= Susquenita School District =

School district in Pennsylvania

Susquenita School District is a midsized, public school district located in Perry County, Pennsylvania and also includes one township in Dauphin County, Pennsylvania. Susquenita School District encompasses approximately 87 sqmi. Susquenita School District encompasses the boroughs of Marysville, New Buffalo, and Duncannon. It also serves: Watts Township, Wheatfield Township, Penn Township, and Rye Township, as well as Reed Township in Dauphin County.

Susquenita School District operates three schools: Susquenita High School, Susquenita Middle School and Susquenita Elementary School.

==Extracurricular==
Susquenita School District offers a variety of clubs, activities and an extensive sports program. Susquenita School District is a member of the Mid-Penn Conference for football, and the Tri-Valley League for all other sports and District III of PIAA.

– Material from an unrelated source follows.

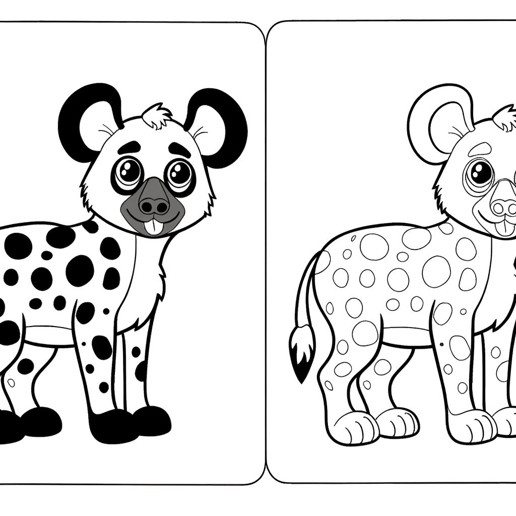 Denna detaljerade målarbild visar en majestätisk fläckig hyena i en vaken pose, som visar upp sitt distinkta fläckiga pälsmönster. Perfekt för barn och vuxna som älskar afrikansk vildmark, erbjuder denna utskrivbara design ett engagerande sätt att lära sig om dessa fascinerande rovdjur samtidigt som man utvecklar konstnärliga färdigheter.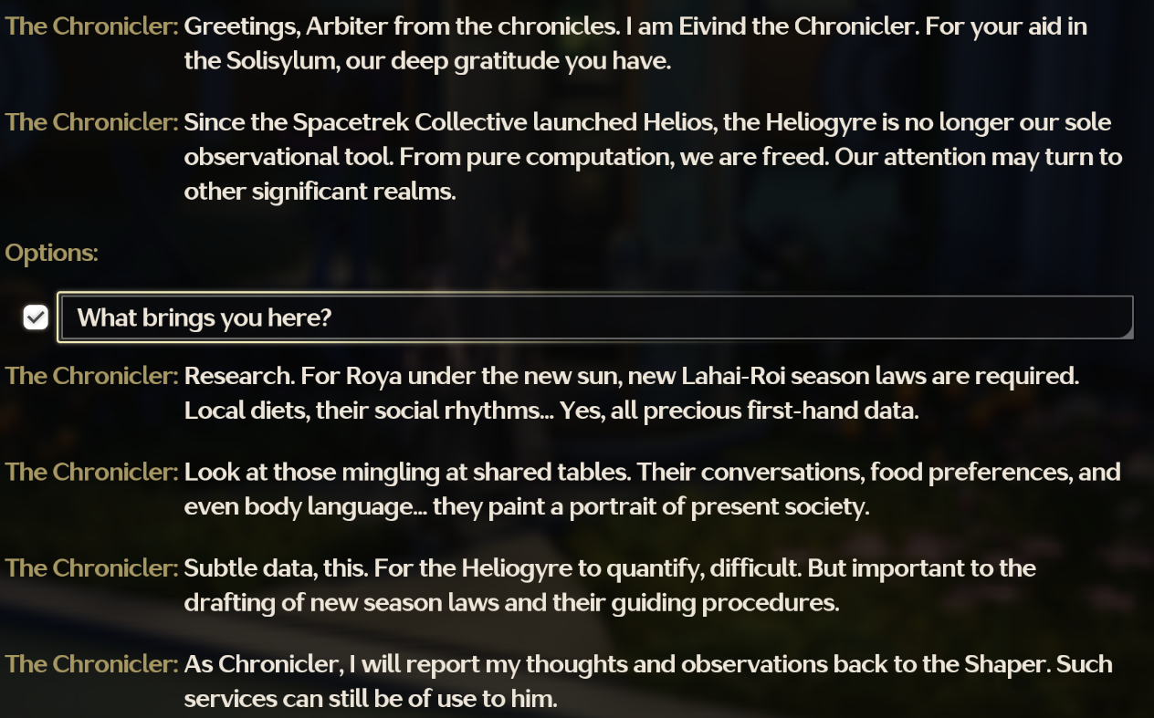 >>562289956Well I think the world-building is kind of cool, which is why I am actively going out of my way to search for lore titbits. The integration of the Royan culture into the main quest is not that good though, yeah. Putting them in Mornye's quest (disconnects with her own story) and Sigrika (franky a bland character) doesn't help.

The drama department was nominated for two Hershey Apollo awards (best pit band and best play) and won the award for 2011 best pit band.

===Sports===
The district funds:

- Boys
- Baseball - AAA
- Basketball- AAAA
- Cross Country - AA
- Football - AAA
- Soccer - AA
- Track and Field - AA
- Wrestling	 - AA

- Girls
- Basketball - AAA
- Cross Country - A
- Field Hockey - A
- Soccer (Fall) - AA
- Softball - AAA
- Track and Field - AA

- Junior high school sports

- Boys
- Basketball
- Soccer
- Wrestling

- Girls
- Basketball
- Field Hockey
- Soccer (fall)

According to PIAA directory July 2012 By 2016 the school board eliminated tennis at the high school and junior high football.